San Francisco and Marin County

Bicycling in California

San Francisco and Marin County have many fine places for recreational cyclists. If you are one of the hard-core types (what I call Spandex Speeders or Velo-Nazis) then you have other sources of information, so this page is addressed to tourists

In San Francisco, it is unwise to cycle on artery roads with heavy traffic. This is true of any city. But there are numerous city streets that don't have too much traffic. If you plan your route, you can get by bike nearly anywhere. However, if you have a particular destination in mind, most Muni buses can carry a couple of bikes, and the major routes have frequent service. Outside of the park areas, the city doesn't have too many places where cycling is an improvement over walking or (if you are in a hurry) bus.

View from north end of GG Bridge

Several places are fine for cycling: The Presidio, Golden Gate Park, and the area including Fort Mason and Crissy Field. But if you were going to Fisherman's Wharf, you will find that it is crowded with vehicles and pedestrians; consider dismounting and walking your bike.

View past Fort Mason to GG Bridge and Mt. TamalpaisYou can rent a bike. One popular route is to get the bike at Fisherman's Wharf or Pier 39, then pedal along the waterside to the Golden Gate Bridge, cross the bridge to Sausalito, then take the ferry back to San Francisco. Unless you cross the bridge at an odd time, you may discover that there is so much foot (and bike) traffic that your progress is slow; if you are not in a hurry, walk your bike across the bridge.

Sausalito, viewed from ferryThe day I did that, there were some 50 bikes on the ferry back from Sausalito. Most were rentals. I had my own bike, but the cost of rental was very reasonable.
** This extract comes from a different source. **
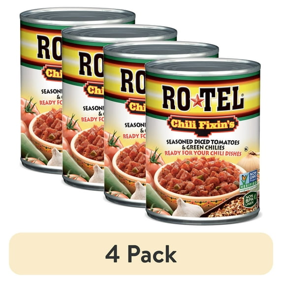 - 4-pack of ROTEL Chili Fixin's Diced Tomatoes & Green Chilies, 10 oz
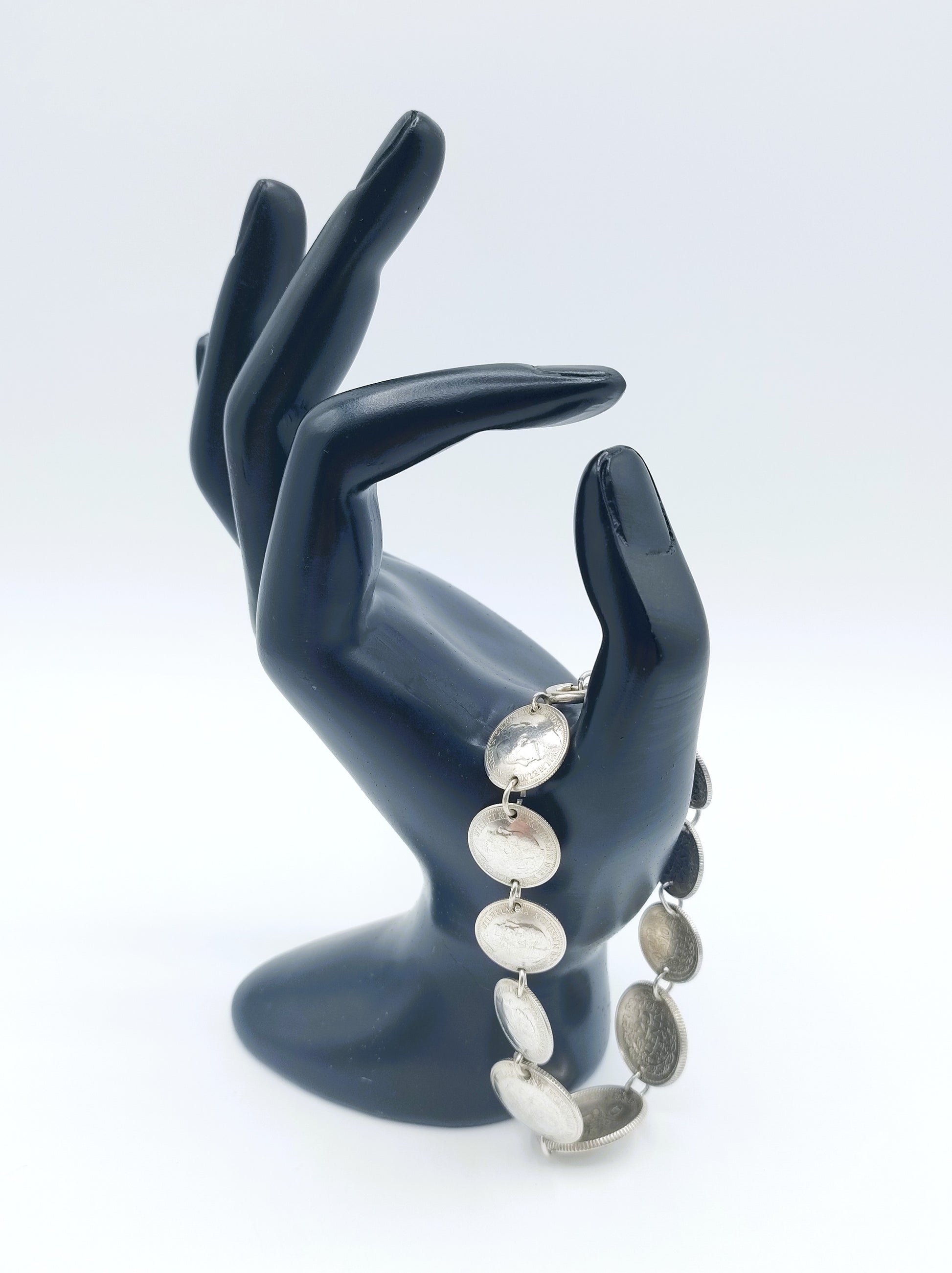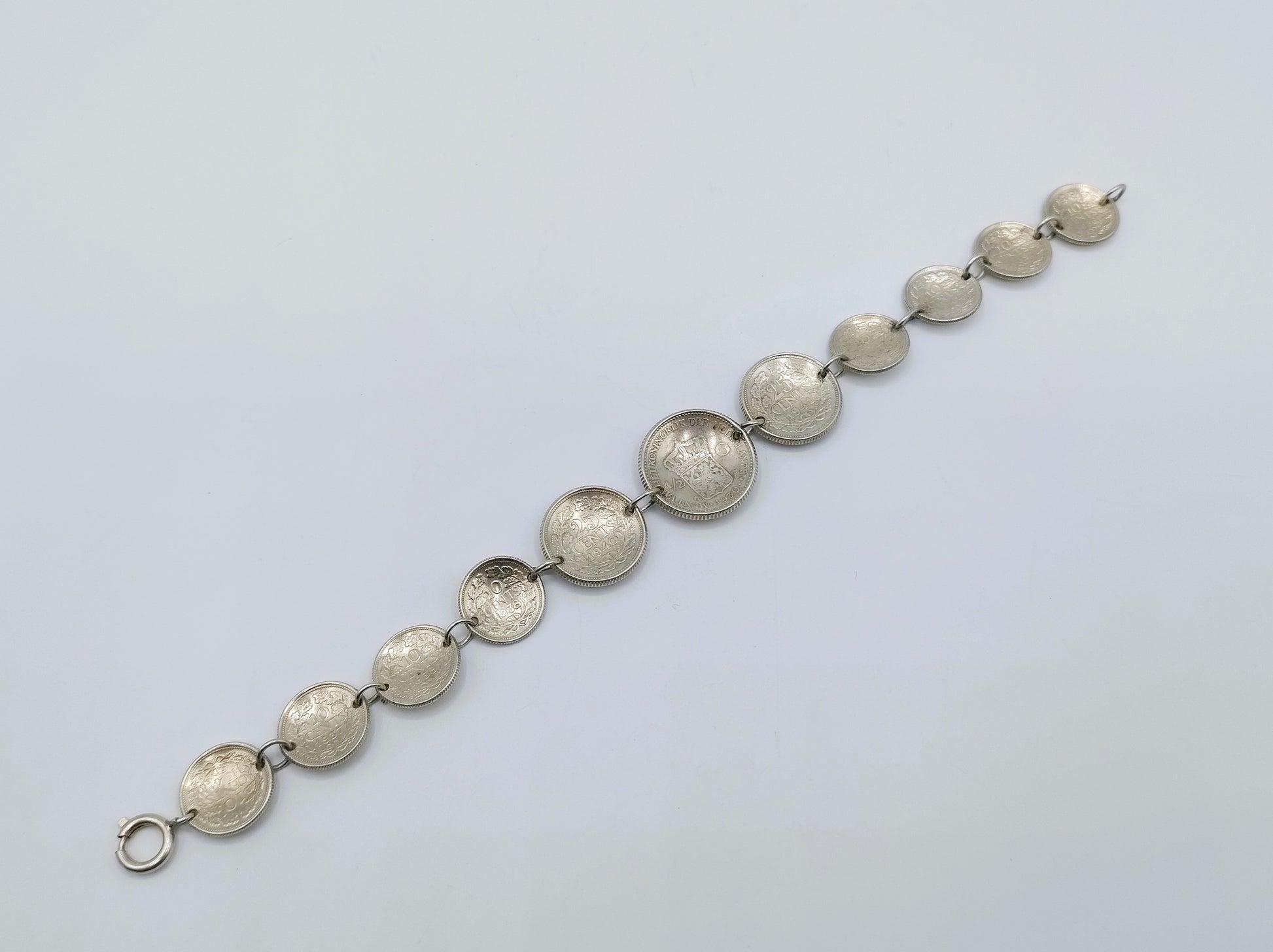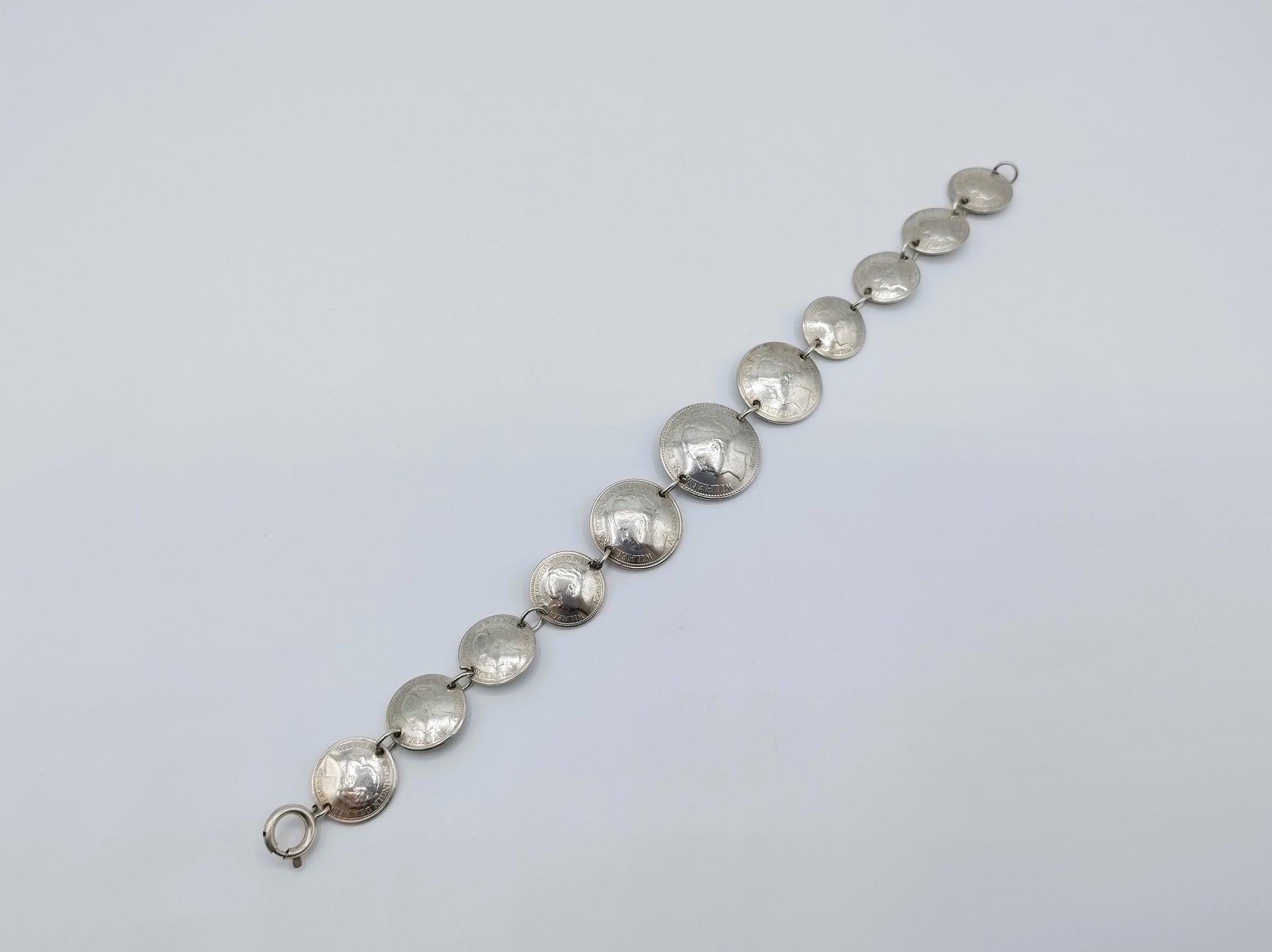 Zilveren munten armband, Wilhelmina, 21 cm.

The Presidio area, west of the bridge, has some great views. If you are lucky and the day is clear, be sure to visit the "north beach" area for the spectacular view across the entrance of the bay. Also have a look at the spectacularly expensive mansions. I believe that if you seek to buy one, the price is measured in oil wells, not dollars. It is more fashionable to buy a block of them by trading in a moderately sized third-world country. They don't like like much from the outside; many are original construction that has been gutted and refurbished inside.

Golden Gate Park is fine for cycling. Keep in mind that bikes are not permitted on many of the pedestrian paths. You will have to use ordinary roads, or walk your bike. Some days, the streets are closed to vehicles; I am not sure if the cycling is better on those days.

Western Marin County is more rural, and is well-suited to the tougher recreational cyclist. If you rarely cycle, don't do it: most of the roads have no separate bike path, and they have a lot of steep grades and turns. Bus service, via the West Marin Stagecoach service, has very limited capacity for carrying bikes. So, if you bike over a hill into the next valley and hope to take the bus back out, you may be out of luck. That didn't happen to me, but it did happen to some heavily-packed tourist who couldn't get a ride because other cyclists (such as myself) were already on the bus.

View from Bolinas Ridge

When I went there, I took the Golden Gate Transporation bus to Marin City, then changed to the stagecoach. I had a "plan B" in case I couldn't get the buses, but fortunately I could load my bike. When I got off at Pantoll Station, located most of the way up Mount Tamalpais, it was hot. Hot, I say. In fact, it was about 25°F above the seasonal average high for that day. Show 360 degree panorama from Bolinas Ridge.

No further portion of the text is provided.